Genetic conflicts: beyond the usual suspects
Harmit Singh Malik
Division of Basic Sciences, Fred Hutchinson Cancer Research Center, USA
Genetic conflicts pervade biology. Cells and genomes harbor a conglomerate of different genetic entities, each with their own agenda and each locked in conflict with other genetic entities for evolutionary dominance. These conflicts have driven rapid alterations and innovation of fundamental cellular processes. We can employ an evolutionary hypothesis-driven approach to discover and dissect these genetic conflicts, both their causes as well as their consequences for biological processes.

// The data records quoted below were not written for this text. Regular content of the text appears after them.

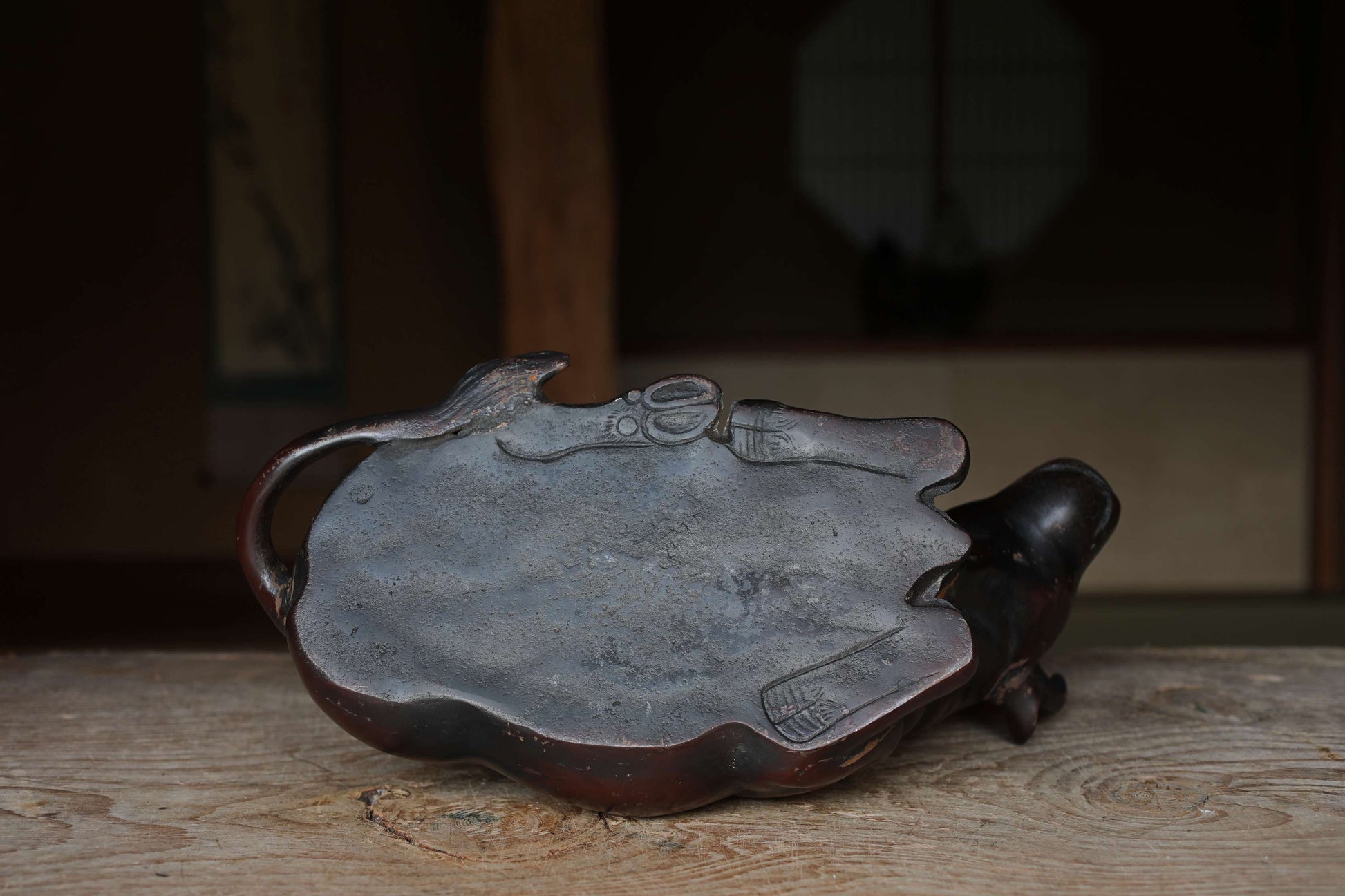 Japanese cast iron Cow Large Figurine, Vintage Animal Art (W16.3in/W41.5cm)
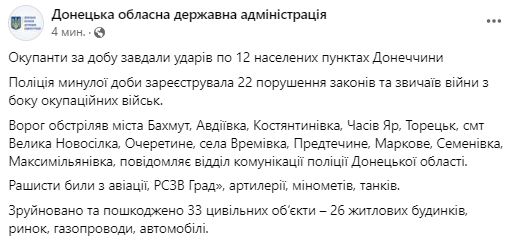 В Контстантиновке ракетными ударами повреждены семь многоэтажек и газопровод. Поврежден дом в Марково, три дома в Торецкой громаде. Также повреждены хозпостройки в Ямполе и дома в Северске.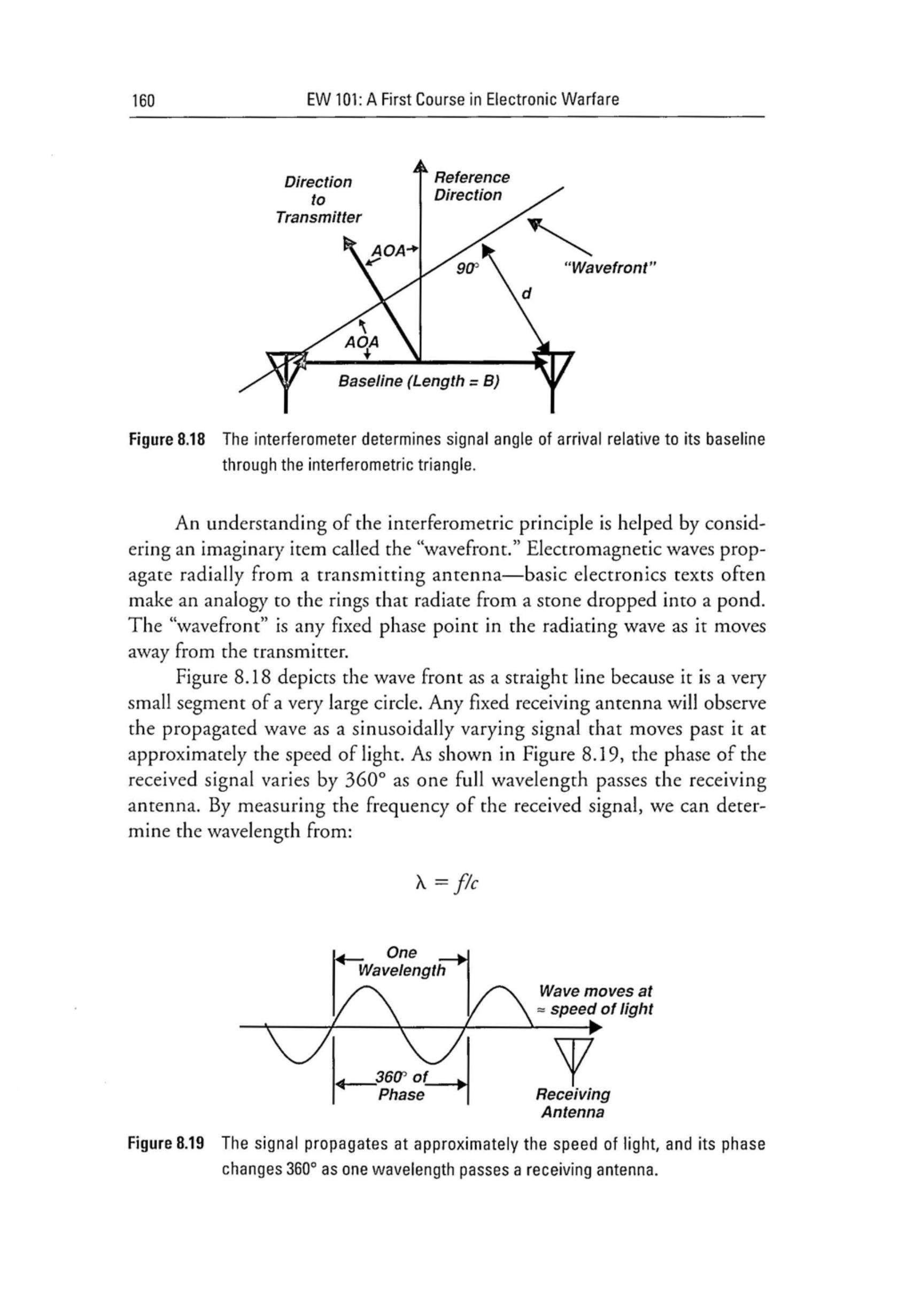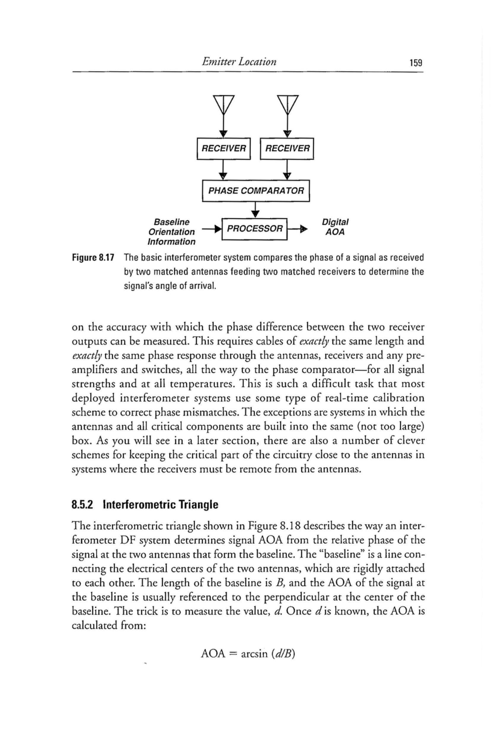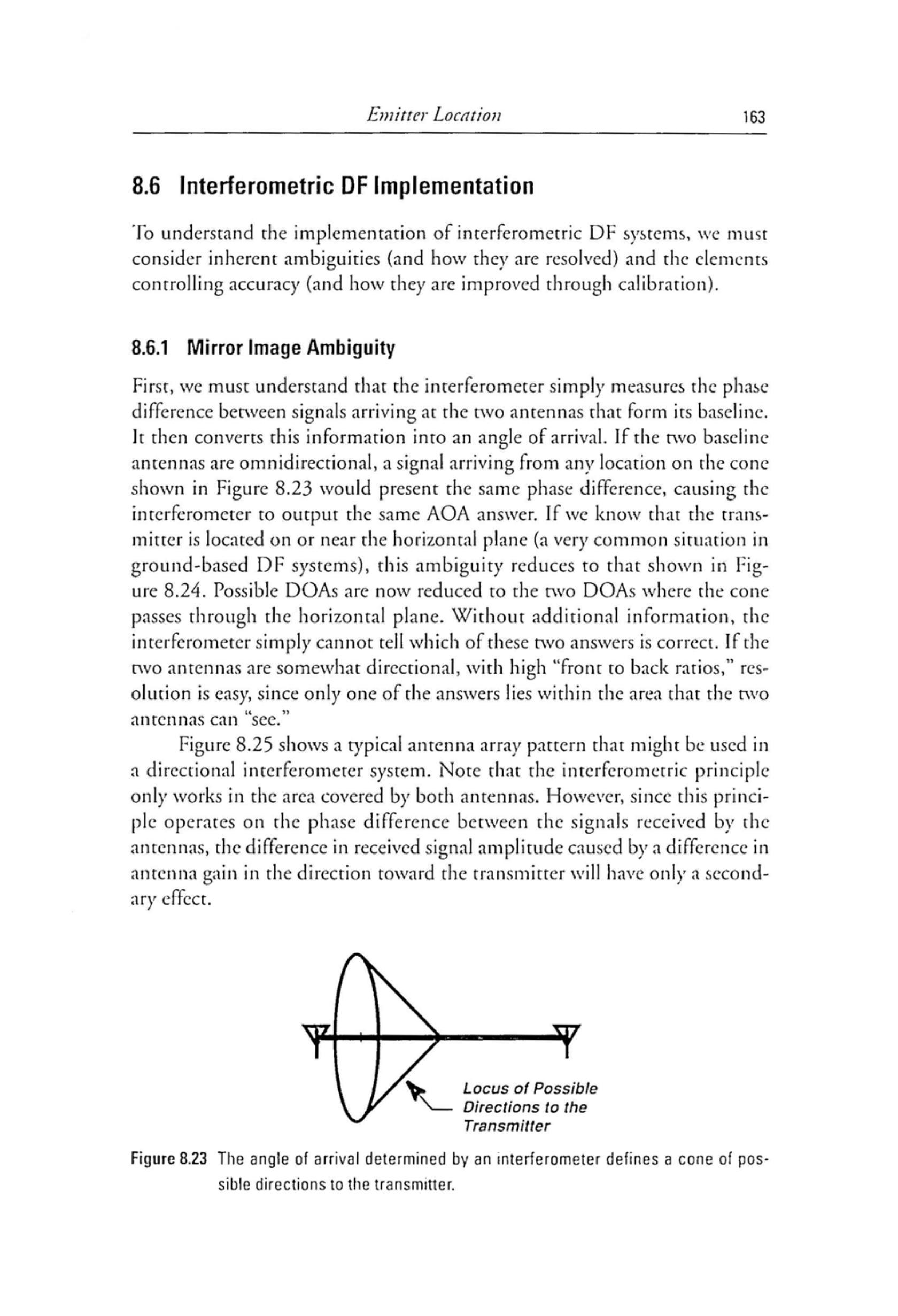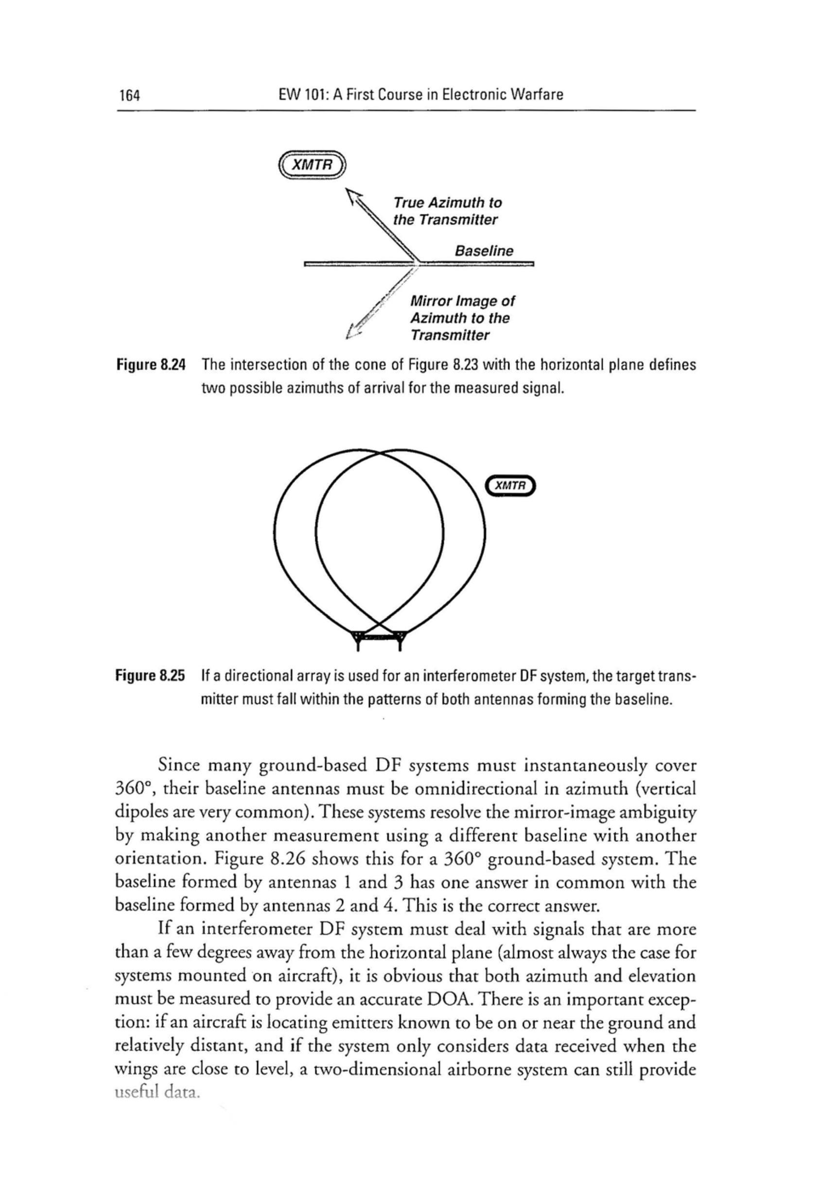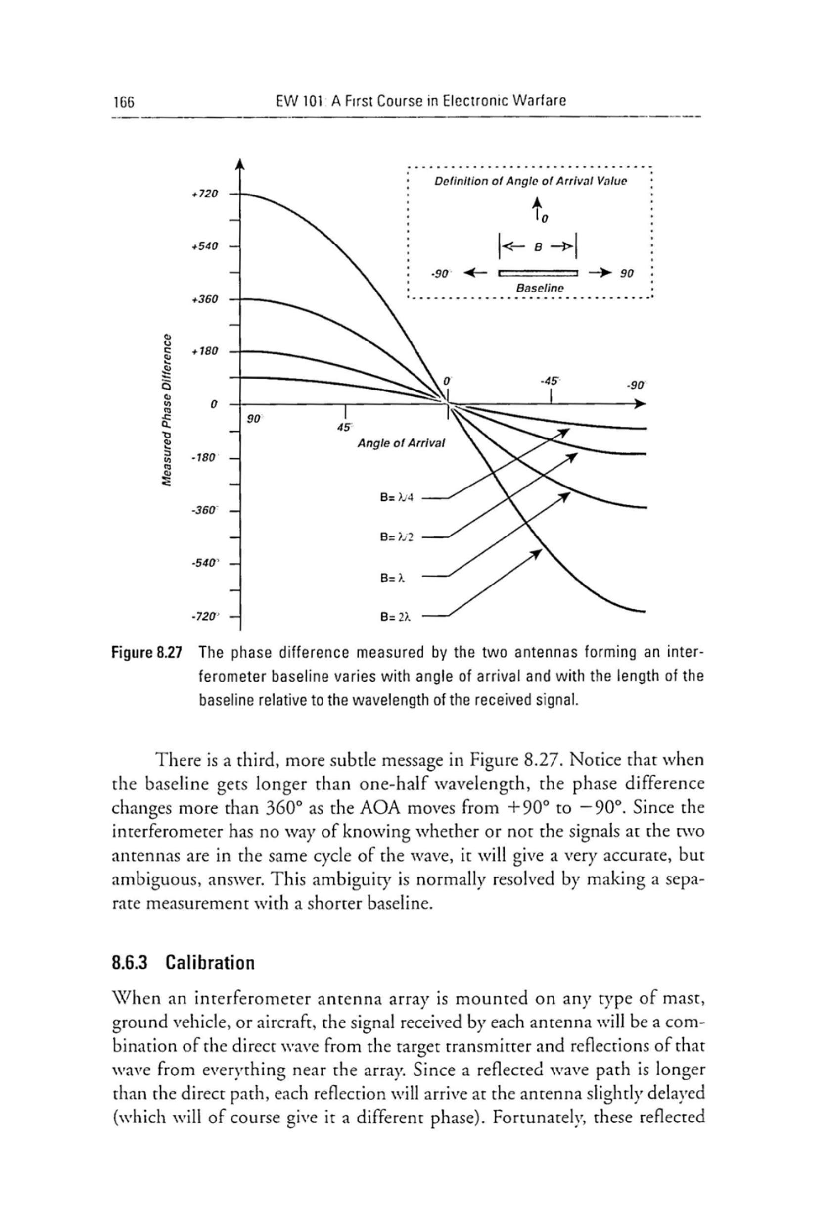 图8.27还有一个更微妙的含义。注意当基线长于半波长时,AOA从\(+90^{\circ}\)到\(-90^{\circ}\)时相位差变化超过\(360^{\circ}\)。由于干涉仪无法判断两天线接收信号是否处于同一波周期,它会给出非常精确但存在歧义的答案。通常通过使用一条更短的基线进行另一次测量来解决该歧义。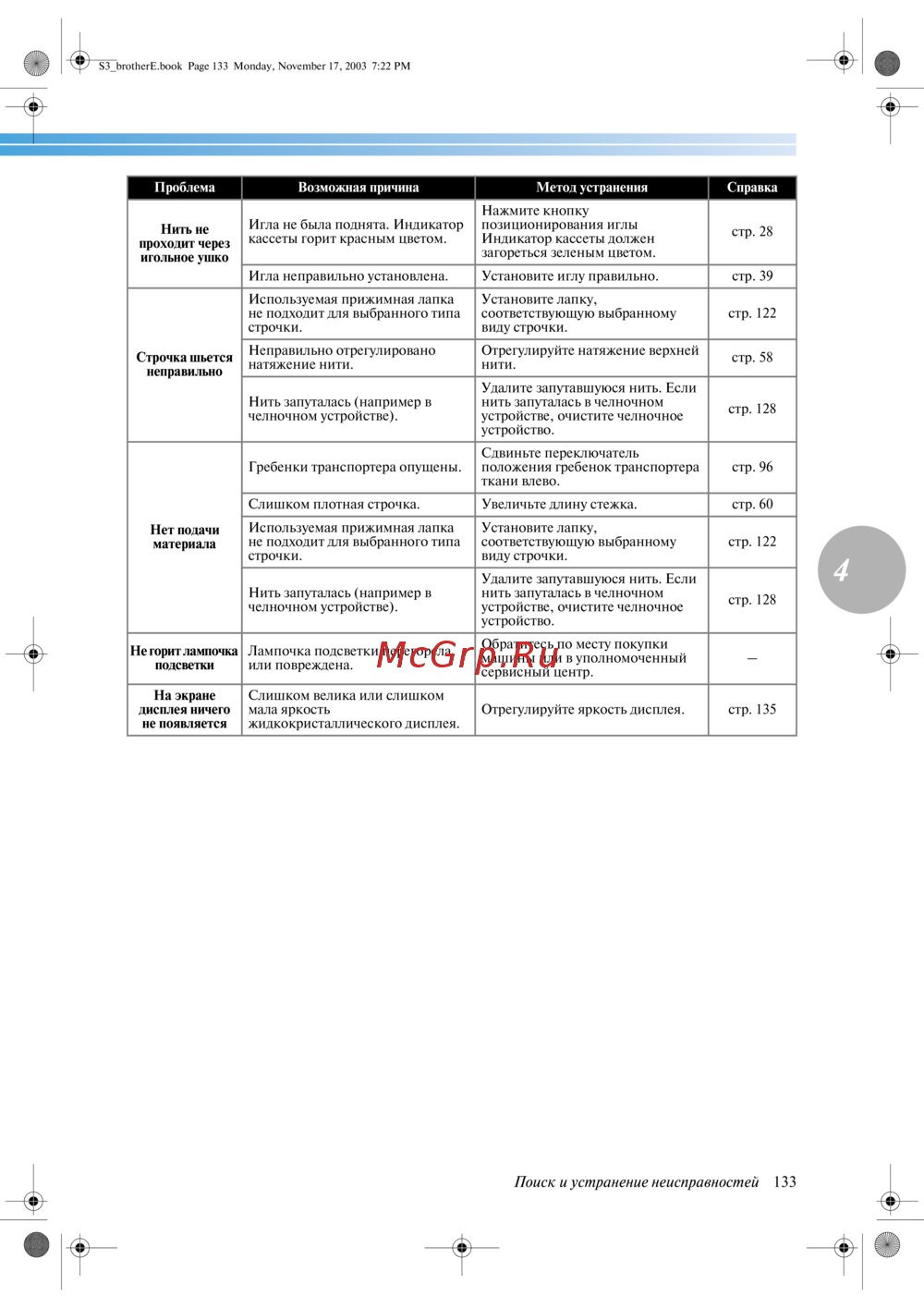 Brother CS-8120 — поиск и устранение неисправностей швейных машин [139/144]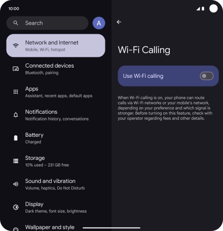 Press the indicator next to "Use Wi-Fi calling" to turn the function on or off.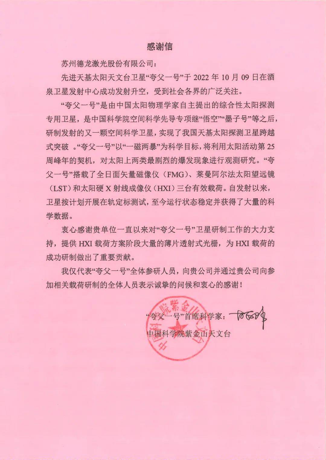 近日,德龍激光收到中國(guó)科學(xué)院紫金山天文臺(tái)發(fā)來(lái)的感謝信,感謝德龍激光一直以來(lái)對(duì)“夸父一號(hào)”衛(wèi)星研制工作的大力支持,提供HXI載荷方案階段大量的薄片透射式光柵,為HXI載荷的成功研制做出了重要貢獻(xiàn)。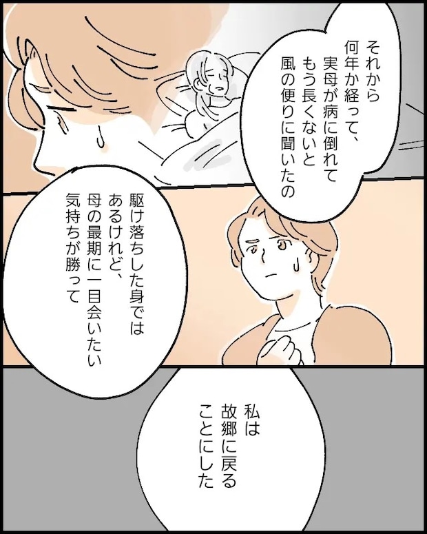 「それから何年か経って、実母が病に倒れてもう長くないと風の便りに聞いたの。駆け落ちした身ではあるけれど、母の最期に一目会いたい気持ちが勝って、私は故郷に戻ることにしたの」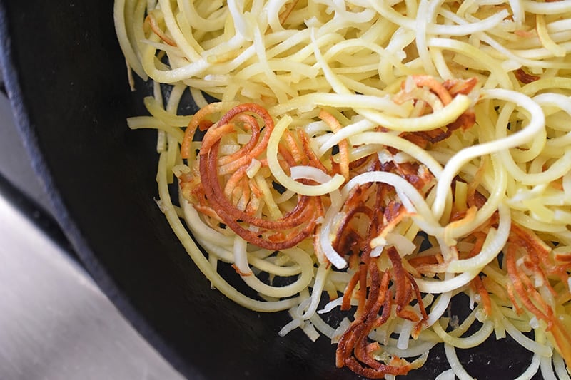 - Next, heat a large skillet over medium heat. When the skillet is hot, Add 2 tablespoons of avocado oil. Once the oil is shimmering, add the spiralized sweet potato noodles (swoodles!) in a single layer.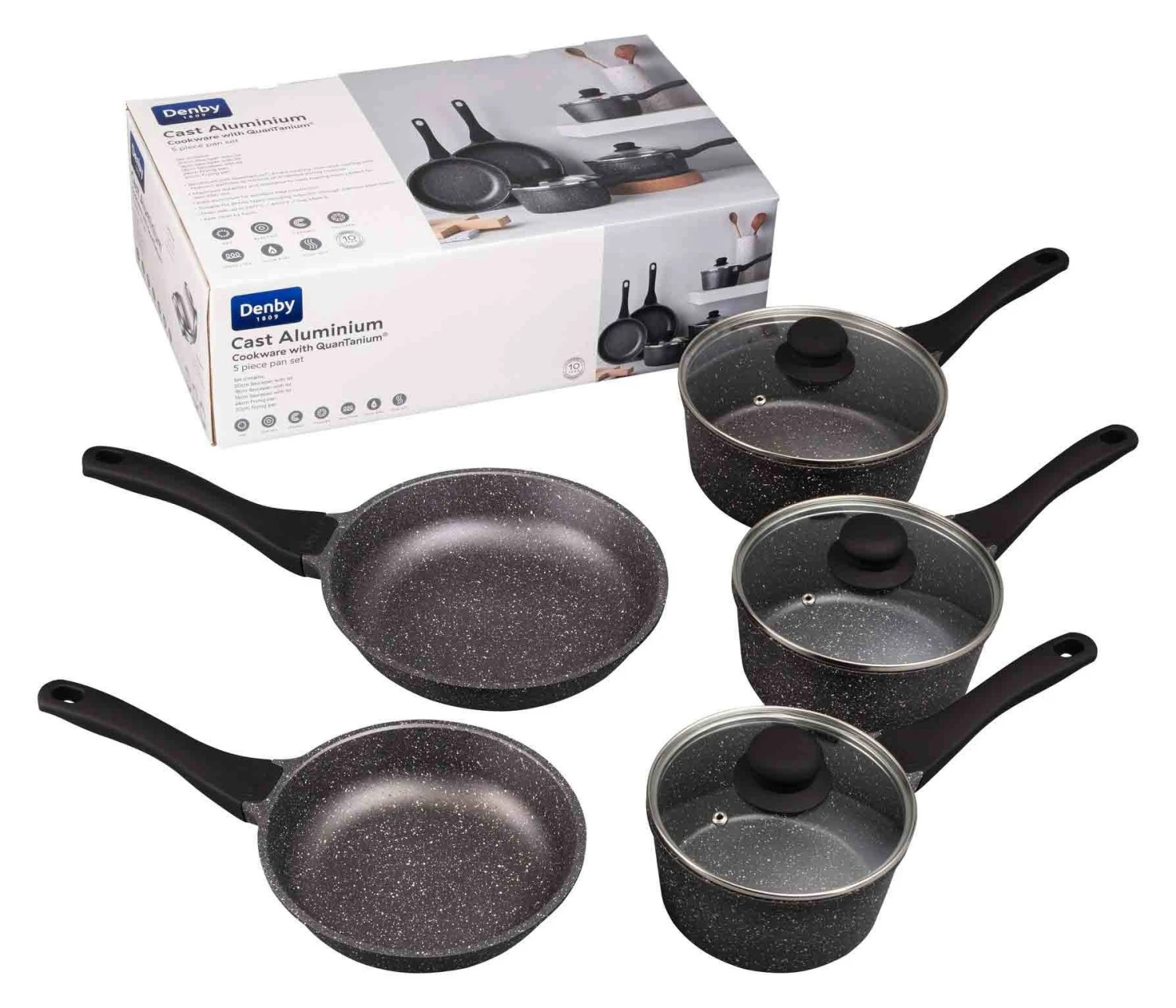 The Denby Granite Finish Cast Aluminium 5 Piece Pan Set contains: 20cm Saucepan with lid, 18cm Saucepan with lid, 16cm Saucepan with lid, 24cm Frying Pan and a 20cm Frying Pan.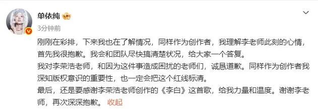 我对李荣浩老师,和因为这件事造成困扰的老师们,诚恳道歉。同样作为创作者我深知版权意识的重要性,也一定会把这个红线标清。

One can consider two forms of genetic conflict: extrinsic (between genomes) conflicts that shape genes involved in host-pathogen interactions, and intrinsic (within genome or within cell) conflicts that shape genome architecture and cell biology. Surprisingly, common rules emerge from the study of extrinsic and intrinsic conflicts. In both cases, genetic conflicts drive relentless genetic innovation, for instance on host-pathogen interaction surfaces. Similarly, genetic conflicts play out due to the opportunity provided by asymmetric female meiosis (in which only one of four meiotic products are chosen) at the essential centromeric DNA-protein interface. Much like host-pathogen interactions, this ‘centromere drive’ leads to surprisingly rapid evolution of existing centromeric protein-coding genes, invention of ‘new’ genes that rapidly become essential and even the onset of reproductive isolation between incipient animal species.